My husband and I have our couples counseling this next week and we're going to be making a plan to talk about Conners poor health and dyeing to the kids. We simply don't know where to start. Probably can't even choke the words out. But our kids are scared. They know whats going on, but don't understand it. It gets me. Big time. I can't go thru one day, hell one hour without thinking about something related to Conner dyeing.
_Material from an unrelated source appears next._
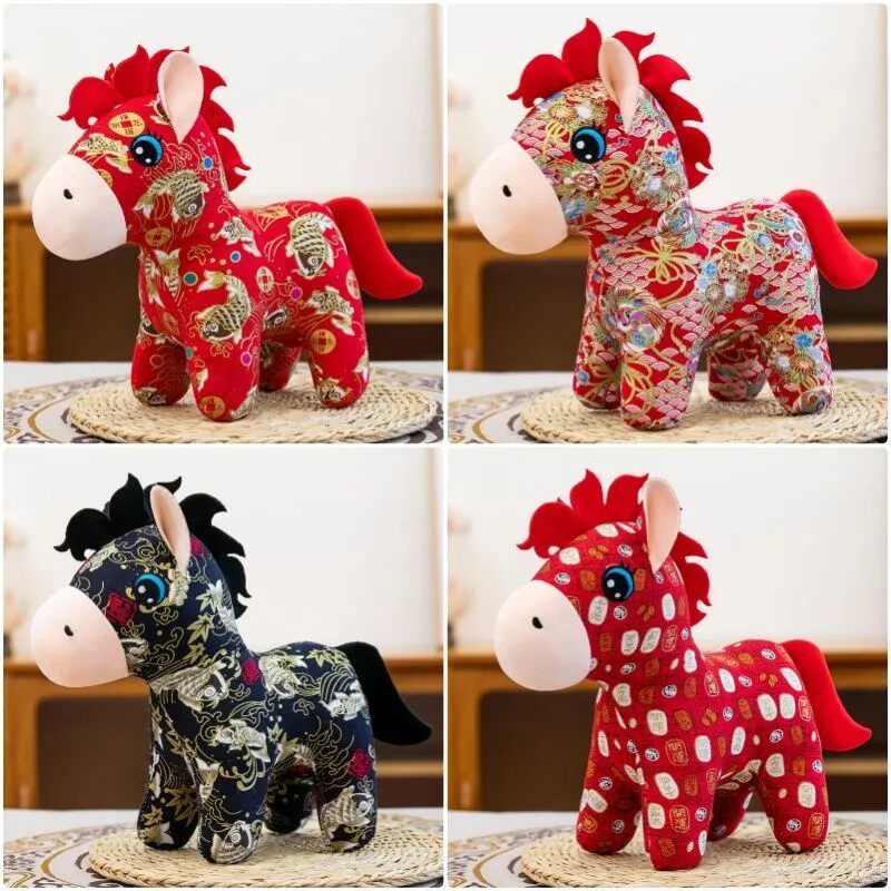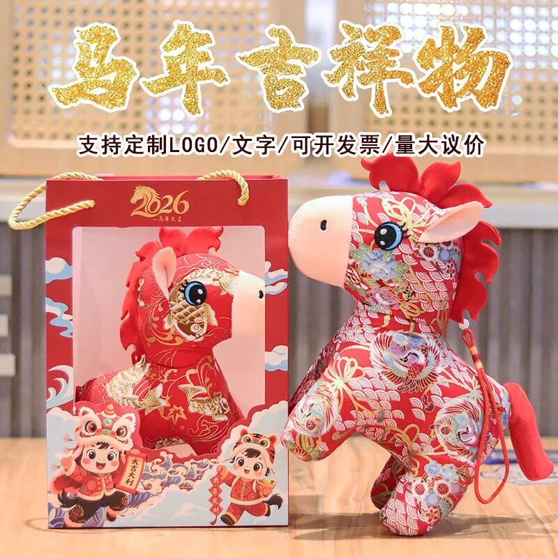 新年摆件2026马年吉祥物生肖公仔花布艺马玩偶毛绒玩具开门红年

ONE HOUR! I tell you people this disease ENRAGES ME! It fuels me to fight harder. It's what gets me out of bed in the am and line up all the meds and start preparing them, administering them then cleaning it up..it fuels me to raise even more money this year then I have ever for CF...because my life will be dedicated to killing this disease! Whether or not my Conner will be alive to get to that miracle cure I don't know. But I know I will be. It's gonna happen in our lifetime. It's going to save thousands of lives. I will simply not rest until all the CF docs are out of jobs....
because we no longer need them...

Did You Know....

There are over 100,000 people, the size of a small city, on the transplant list in the US.

There were less than 10,000 deceased organ donors in the US last year. (that's a ratio of 1 organ donor to every 10 transplant patients).

In the time it takes you to shower today, 1 new name is added to the US transplant waiting list.

From the time you woke up this morning to the time you wake up tomorrow morning, 18 people will die waiting for their transplant in the US.